19:33 < athena> yeah
19:34 < athena> well, we could split the scaling out into separate rescale_<use,close> functions, and handle them like
the success_count thing?
19:35 < nickm> Seems good. Also Given that there are two sets of values that get scaled independently, we should make
sure that their documentation says which block is which, clearly.
19:35 < nickm> NOTE on the refactor and NOTE on the documentation
***
19:41 < nickm> I don't like the check on the return value of pathbias_check_close_rate(). That function only returns
-1 the first time it decides to disable the guard, right?

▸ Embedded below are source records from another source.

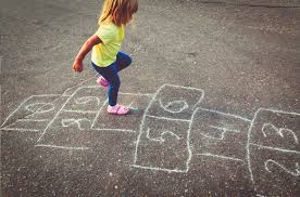 Como brincar: Material: Giz para desenhar a amarelinha no chão e uma pedrinha para lançar nos quadrados.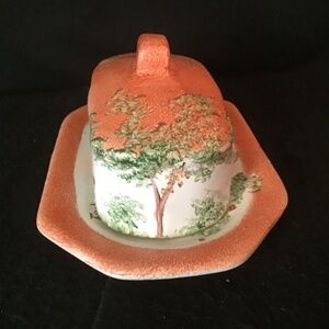 Rare Find- Butter Cheese Lidded Dish Pottery Hand Painted Cottagecore House.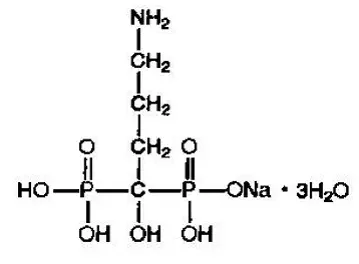 Емпиричната формула на алендронат натрий е c 4 H 12 Nnao 7 P 2 • 3h 2 O и теглото му на формулата е 325.12. Структурната формула е:
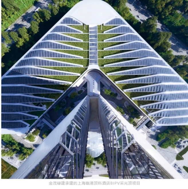针对行业和市场痛点,金茂绿建“羲和光聚”轻质光伏组件产品不仅降低了组件重量,还能抗击打。此外,该产品还能满足更多特殊场景设计需求,让每一寸屋顶安装光伏成为可能。 够轻盈:采用自主创新的封装材料替代玻璃。组件重量相比传统玻璃组件减重70%,完美匹配各种屋顶的承重要求。 更耐造:摒弃钢化玻璃材料,采用无机材料增强主体材料的抗冲击结构设计,避免自爆风险,使产品达到冰雹冲击无隐裂的标准。 更简捷:安装过程简单易操作,无需穿透屋顶。采用耐受能力强的结构胶,将组件与屋面粘接即可完成安装,相对于常规组件,可节约安装成本50%。 更高效:受“荷叶效应”启发,轻质组件外层采用氟材料,有效防止积灰积雪,更利于提升系统发电量,使组件日常运维更高效。此外,安装轻质组件可起到保温隔热的效果,提升建筑寿命。 ✦应用场景✦金茂绿建轻质光伏组件产品可应用于建筑、公路交通、海洋船舶、汽车、能源电站、消费电子产品等多领域。 光伏建筑一体化组件 让建筑与光伏完美结合 光伏建筑一体化(BIPV)是指光伏与建筑的一体化技术,用太阳能电池板取代建筑物外表的一些结构,如屋面、建筑立面、遮雨棚等。通过光伏发电组件提供电力,以供建筑物能源使用。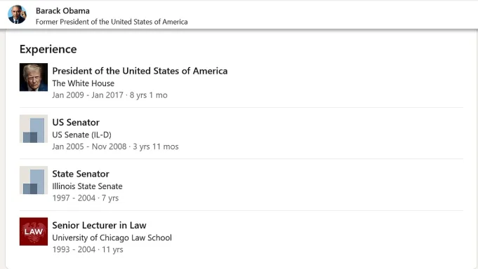 Akibatnya, wajah pemimpin MAGA sekarang muncul di bagian pengalaman dari setiap pengguna LinkedIn yang memiliki Gedung Putih yang terdaftar di resume digital mereka, termasuk saingan politiknya yang lama demokratis, Barack Obama.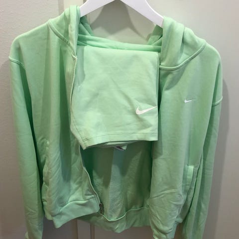 Violet Rose- active tyköistuva mustat treenikaprit ja Nike -huppari ( M)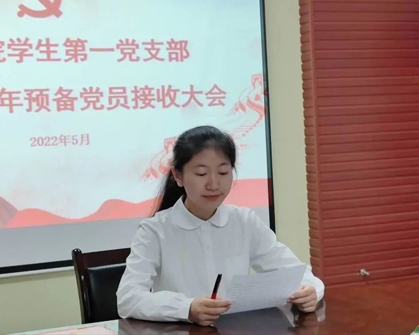 首先,钟老师报告出席会议的党员人数,提出会议的议题及会议的具体要求。会议正式开始,发展对象分别从入党的动机、对党的认识、本人履历等方面向党组织进行汇报,两位入党介绍人介绍发展对象相关情况,并对其能否入党表明意见。随后,与会党员进行讨论,采取无记名投票表决的方式进行表决。表决结束后,7位新发展预备党员分别向大会表达了自身存在的问题以及坚定的入党决心,努力的向党组织靠拢。

19:41 < nickm> maybe it should call it, then check whether guard->path_bias_disabled is true? (NOTE)
***
19:45 < nickm> Hm. I wonder what initializes node->use_attempts and node->use_successes and the other doubles if this
part isn't called.
19:46 < nickm> If they all come from a malloc_zero() or a memset, that's a little tricky. Does memset(&dbl, 0,
sizeof(double)) get you a good zero?
19:46 < athena> not on things that aren't IEEE-754 in general
19:47 < nickm> hm. we proably have other places where we do this.
19:47 < athena> yeah
19:47 < athena> it is theoretically a portability issue, but it's gotta be pretty rare to run into a machine like that
19:48 < athena> the only examples of non-754 fp i can think of off-hand are VAX and some older crays
19:48 < nickm> We could treat it like systems where memset(&ptr, 0, sizeof(void*)) doesn't set ptr to NULL.
19:48 < athena> yeah
19:48 < nickm> NOTE. let's do that.
***
19:57 < nickm> athena: this code looks okay to me, but I wonder if it wouldn't be better to change the check to call
one of the pathbias_act_on_foo_rate() functions instead to eliminate duplicated code. What do you think?
19:58 < athena> probably
19:59 < nickm> athena: I think this one isn't super-urgent, but we should still NOTE it. agree?
***
20:06 < athena> 24b9b9f791defcb6156c587a035fde58c35a46d9 next?
20:06 < nickm> yes let's
20:07 < nickm> The two blocks look duplicated, but there are only two
20:08 < athena> yeah
20:08 < athena> it could still be made into two calls to a single duplication-free function, though
20:08 < nickm> agreed.
20:08 < nickm> NOTE
20:08 < athena> a2db17a1aab77c4183f589815800a779a5f24524 ?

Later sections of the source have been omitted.